天亮了。夜色一点点退去,窗外的深蓝被浅白替代,第一缕晨光透进来,轻轻落在床上。光不刺眼,很柔,像是慢慢铺开的温度,把整间屋子从夜的沉寂里一点点唤醒。空气也变得不一样了,没有了夜里的压抑,多了一点安稳和真实。床上,那只九尾幼狐依旧蜷着。九条尾巴散开一些,搭在被子上,末端的绷带在光下清晰可见。她的呼吸比夜里稳了许多,不再那么断续,而是轻轻地、有规律地起伏着。她的耳朵微微动了一下,像是感知到了光,也像是意识正在一点点回归。
空海整晚都没有真正睡沉。他靠在床边,姿势有些僵,却始终没有离开。他的手依旧停在她旁边,离得很近,却始终控制着不去压到她。天色变亮的时候,他慢慢睁开眼,第一反应就是低头去看她。她还在。这一点,让他呼吸轻了一点。他盯着她看了几秒,确认她的呼吸稳定,刚准备稍微放松一点——那只小狐狸的尾巴,忽然动了一下。这一次,不是无意识的颤动,而是带着明显意识的收紧。空海的眼神瞬间收住,他整个人坐直了一点,动作极轻,连床都没有发出声音,“……喂。”他低声开口。
下一秒,她的耳朵动了一下,眼睫轻轻颤动,紧接着那双眼睛缓缓睁开。没有迷茫,没有空白,是清醒。那是一双带着意识的狐眸,她醒的那一刻,就知道发生了什么。战斗、受伤、力量耗尽、变成现在这个形态,这些记忆没有断裂,她全部记得。她只是——动不了,也说不了话。她的视线落在空海身上,停住,没有慌乱,没有惊恐,只是安静地看着,像是在确认环境与人。
空海愣了一瞬,他看懂了那种眼神。不是刚醒的迷糊,而是清醒状态下的判断。他的语气慢慢收了下来,“……你知道我是谁?”声音很低,很稳。那只小狐狸没有开口,她也无法开口,但她的尾巴轻轻动了一下,很轻,却很明确,是回应。空海的目光顿了一下,低声说:“……听得懂。”他像是在确认,又像是在自言自语。她没有再动,只是继续看着他,眼神里依旧带着一层尚未完全散去的警惕,但已经没有攻击性。
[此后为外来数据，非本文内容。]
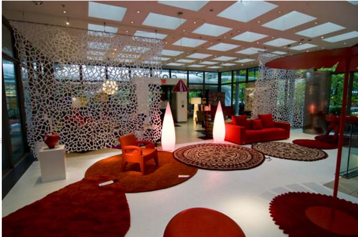
Exposición Rojo en Conran Shop Nueva York

Del 16 del mayo al 8 de junio, coincidiendo con la celebración de la feria ICFF en Nueva York, el ICEX, en colaboración con la Oficina Comercial de Nueva York, ha presentado una exposición monográfica de diseño español llamada ROJO, que está desarrollándose en una de las tiendas más emblemáticas de Manhattan: "The Conran Shop".

她试着动了一下。只是极轻的尝试。下一秒,背上的伤口被牵动,尾巴上的咬伤同时被拉扯,剧烈的痛感瞬间爆开。她整只狐猛地一震,喉咙里压不住地发出一声低低的声音,“呜……”那声音很轻,却带着清晰的疼痛。空海的表情一下变了,他立刻开口:“别动。”声音不大,却异常清晰。他的手迅速却克制地靠过去,落在她背上没有伤的位置,轻轻贴住,让她不再继续用力,“你现在动不了。”语气很直接,没有绕弯。
她停住了。不是因为他的话,而是她自己也清楚这一点。她的呼吸乱了一瞬,又慢慢压回去,尾巴收紧了一点,像是在忍。空海的手没有移开,只是轻轻贴着,“……先别乱来。”他声音低下来一点,“伤还没好。”她没有回应,但也没有再尝试挣扎,只是安静下来,呼吸一点点恢复平稳。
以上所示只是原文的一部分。